WebNovels

Chapter 12 - A Glimpse of the Sun

The air outside the gate shimmered with heat, though the sky was cold and gray. Hunters from the four families gathered in a loose semicircle, weapons drawn, eyes locked on the rift that pulsed like a heartbeat.

Karn stood at the back, hood low over his face. As far as the families were concerned, he was here only as "support." Nothing more.

The rift ripped open with a sound like tearing metal. Something massive stepped through — a beast plated in obsidian, its claws glowing with molten cracks.

Gasps rippled through the crowd.

"A Magma Devourer?! That's A-Rank at least—"

The leading hunters moved in formation. Steel clanged, arrows sang — but the creature barely flinched. Each blow seemed to only enrage it further.

Karn's senses — that heightened perception only his mother knew about — lit up like a storm. Every movement of the beast played in his mind before it happened. Every heartbeat, every shift of muscle.

The Devourer's tail swung. He saw it a second before anyone else. One hunter in its path froze, panic in her eyes.

Karn moved.

To onlookers, it was a blur — one moment he was at the back, the next he was there, arm hooked around the hunter's waist, pulling her clear as the tail crushed the ground where she stood.

Gasps again.

"How did he—?""I didn't even see him move!"

He ignored the whispers.

The beast roared, molten drool spattering the earth. It lunged straight for him.
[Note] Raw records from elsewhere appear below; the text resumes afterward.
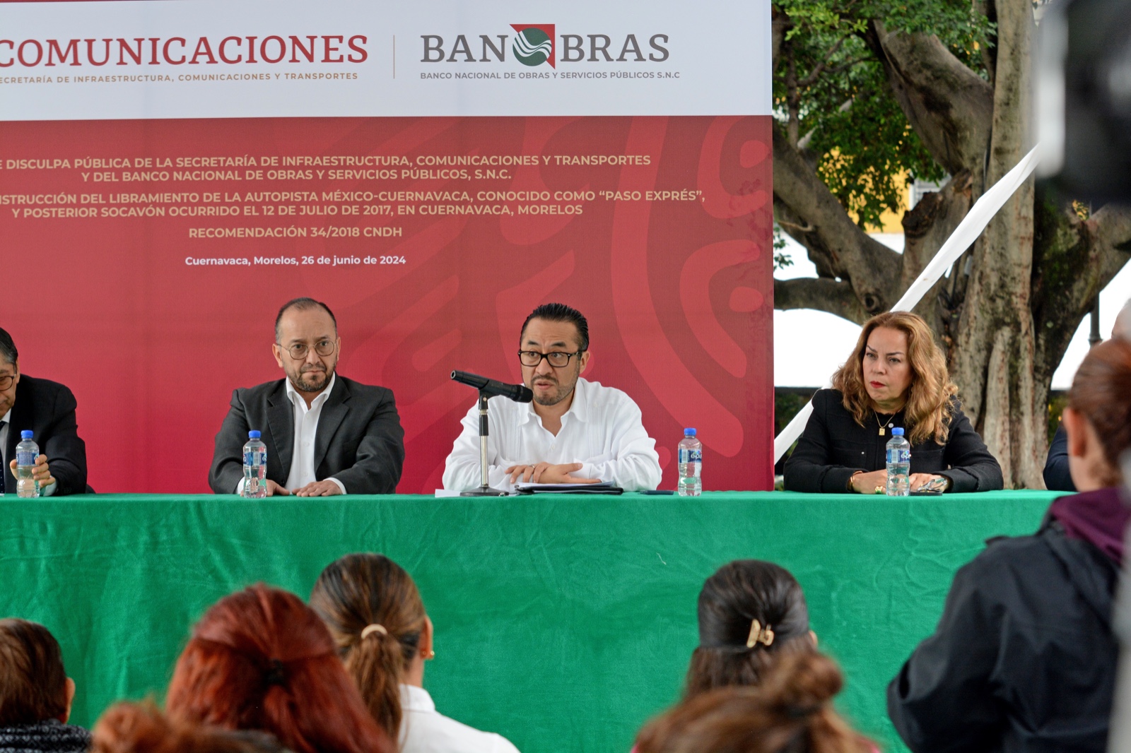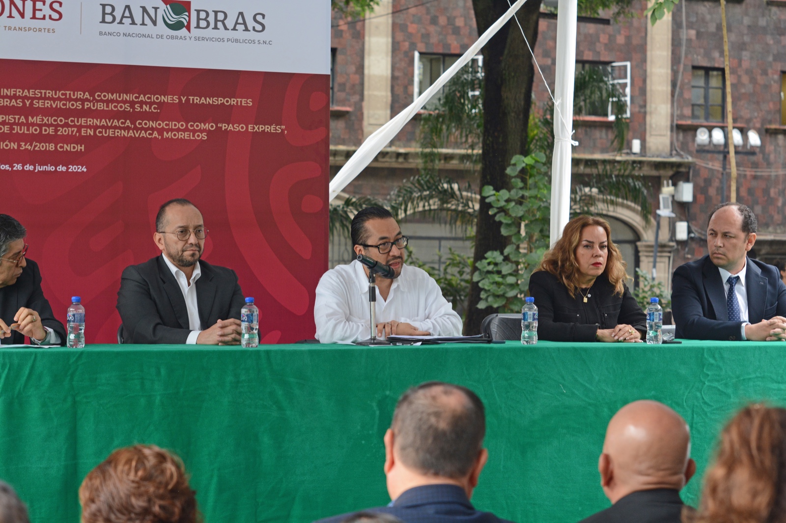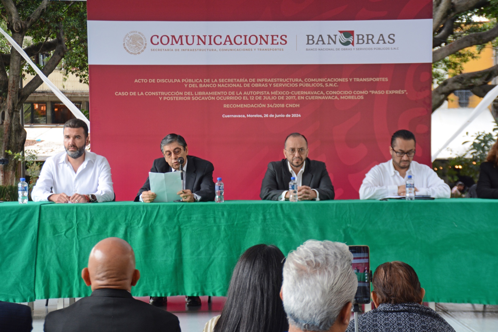 Las disculpas públicas fueron ofrecidas por el director general del Centro SICT Morelos, Óscar Rigoberto Coello Rodríguez y por el director de Operación Técnica y Seguimiento del Banco Nacional de Obras y Servicios Públicos, S.N.C, Sergio Enrique Sánchez Rivera, así como por el titular de la Unidad de Seguimiento de Recomendaciones de la Comisión Nacional de Derechos Humanos, César Eduardo Medel García, quien explicó el contenido de la recomendación 34/2018.
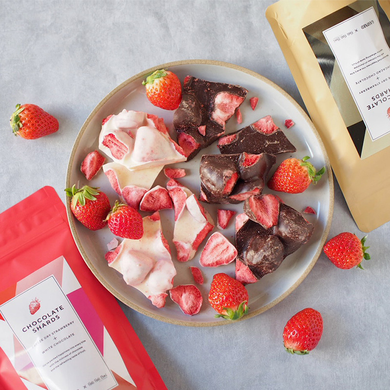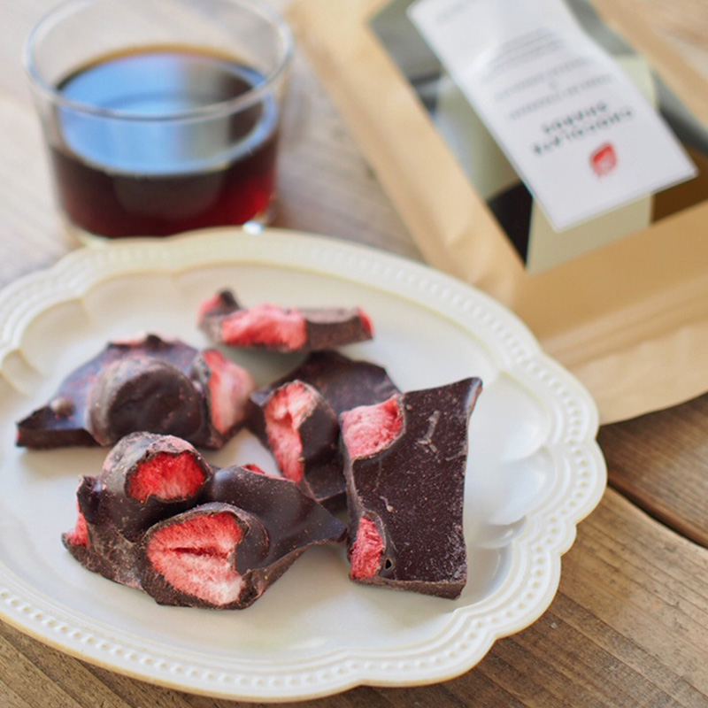 いちごの甘酸っぱさと濃厚チョコレートが繊細に重なり合い、ひと口ごとに“和”の贅沢を感じていただけます。フリーズドライいちごを惜しみなく使い、いちごの風味と食感をそのまま楽しめるスペシャルな割れチョコです。
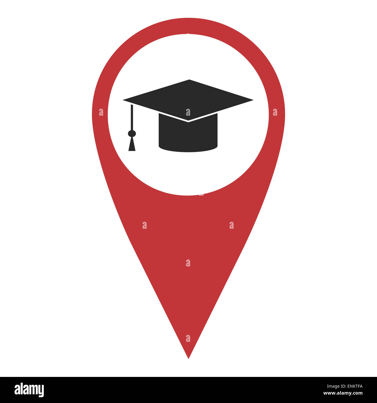 Red geo pin with graduation hat on white. School sign, geolocation
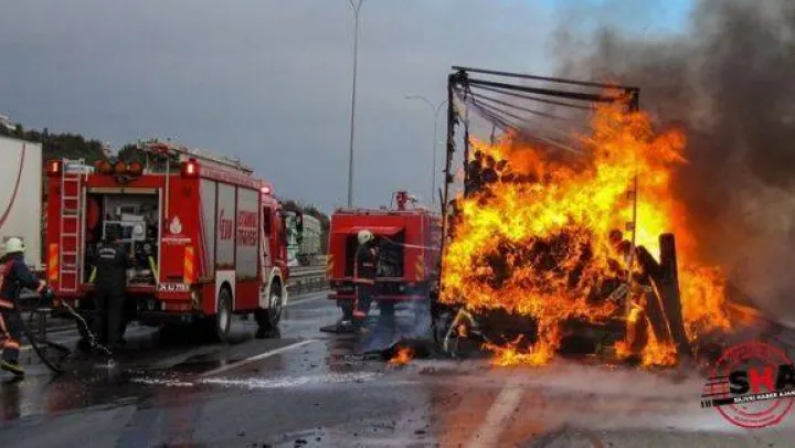 TEM otoyolu İstanbul istikametinde seyir halindeki kumaş yüklü tır cayır cayır yandı.
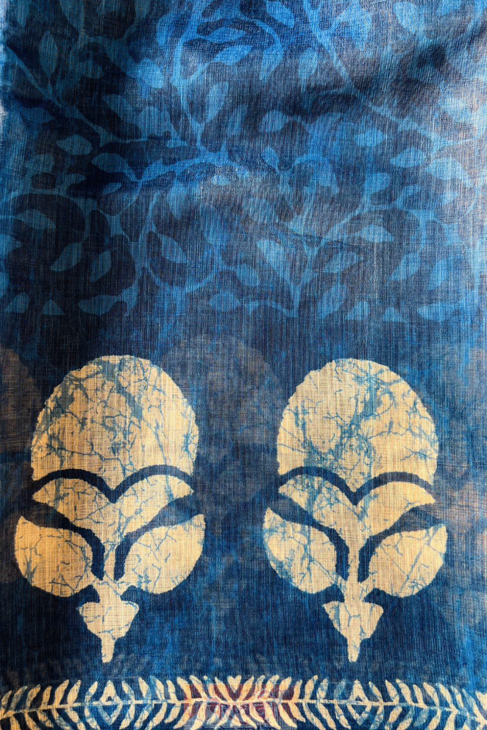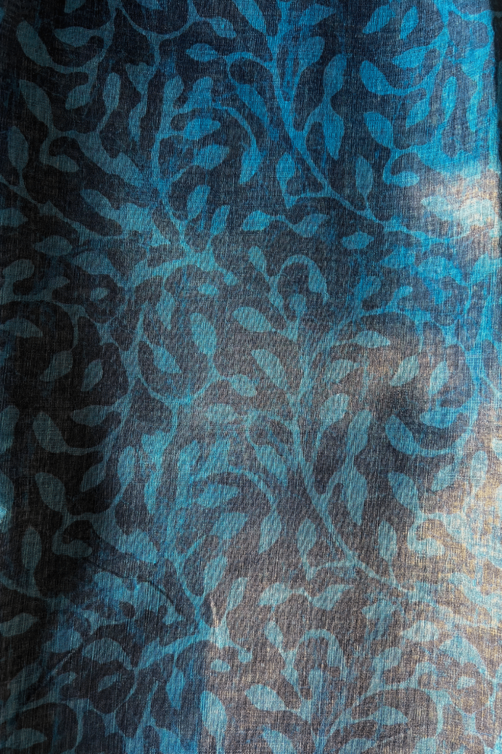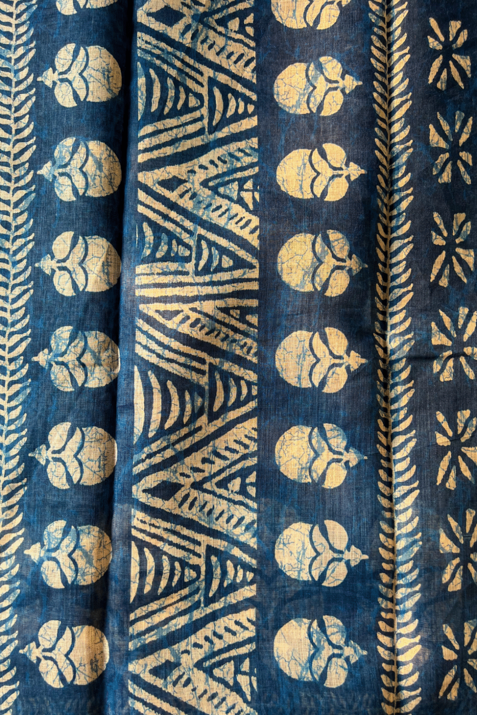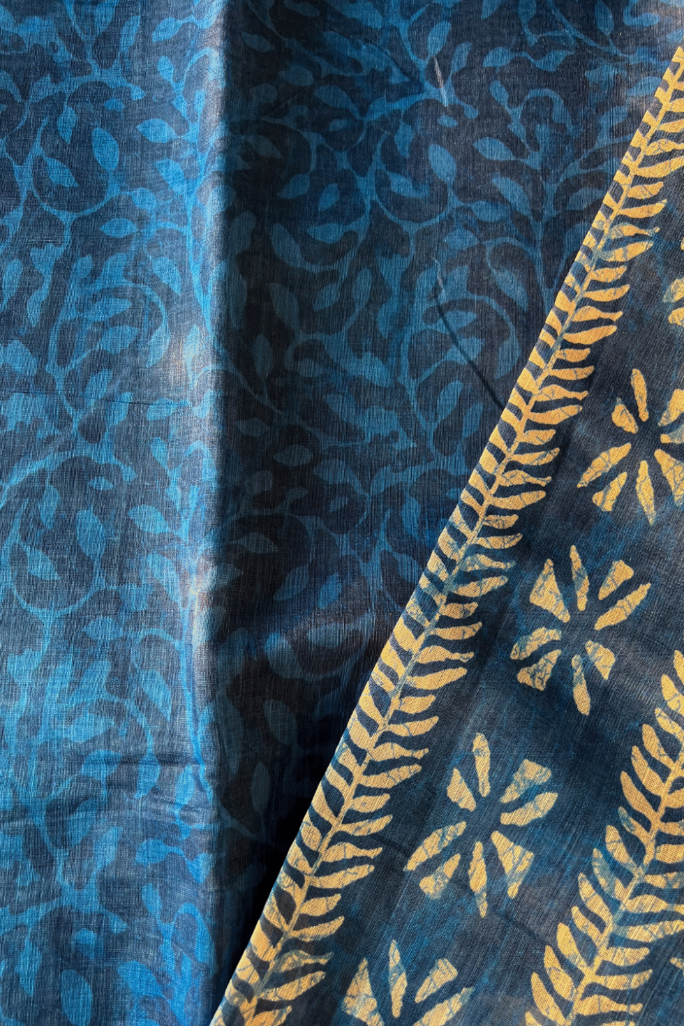 A deep indigo base enhanced with delicate light blue block prints that create a subtle 3D effect, adding depth and dimension to the fabric. The contrast of blue tones brings a refined and sophisticated charm.

Karn's hand slid inside his jacket. Not to draw his full weapon — not yet — but just a plain, short hunting blade. The wrong weapon for a beast like this. Or so it seemed.

He stepped forward once.

Every movement from the Devourer slowed in his mind — the arc of its claw, the spread of its weight, the opening in its plated neck.

The blade flashed once.

A thin line of steam hissed from the beast's armor as it staggered back, a shallow but perfectly placed cut smoking on its neck joint. It roared, stumbling in confusion.

He didn't press the attack — instead, he stepped back, letting the lead hunters close in again, but now the beast's movements were erratic, weakened.

No one saw his face under the hood. No one but his mother, watching from the crowd, her lips pressed together in a mix of pride and worry.

You can't hide the sun forever, Karn, she thought.